Hi all,

I'm trying to build a custom reference panel for use with IMPUTE2. I have a phased .vcf from all my participants, and I was using the first script here, modified slightly to work with my vcf/HG38, to build the reference panel. The exact command I run to generate the files for chromosome 1 (as an example) is:

./vcf2impute_legend_haps.pl -vcf my_vcf.vcf.gz \
  -leghap output_prefix \
  -chr chr1  \ 
  -hg38

The -hg38 thing is just an argument I added to the script, and can be ignored.

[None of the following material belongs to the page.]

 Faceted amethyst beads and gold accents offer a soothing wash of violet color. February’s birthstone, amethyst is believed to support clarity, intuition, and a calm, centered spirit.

This generates .hap.gz files, .legend.gz files, and .sample_list files, one for each chromosome. What I'm missing is a genetic map file. I don't what these are, and I can't find anything on it in the documentation. Looking at the 1000 Genomes HG37 reference panel files provided here, it's not clear to me what these mapping files are, so I can't replicate the steps to create them.

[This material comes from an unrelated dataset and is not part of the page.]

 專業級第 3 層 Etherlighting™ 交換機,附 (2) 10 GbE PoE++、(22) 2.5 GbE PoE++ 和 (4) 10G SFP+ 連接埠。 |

Any advice would be appreciated.

According to the documentation you linked, genetic maps are recombination maps, measured in centiMorgans.

If you can lift-over the genomic position of the markers from the 1000 Genomes HG37 reference panel, you can use the same genetic map position (the Genetic_Map(cM) column), and recalculate the recombination rate between current position and next position in map (the COMBINED_rate(cM/Mb) column).

However, are you sure there isn't an updated version of these files?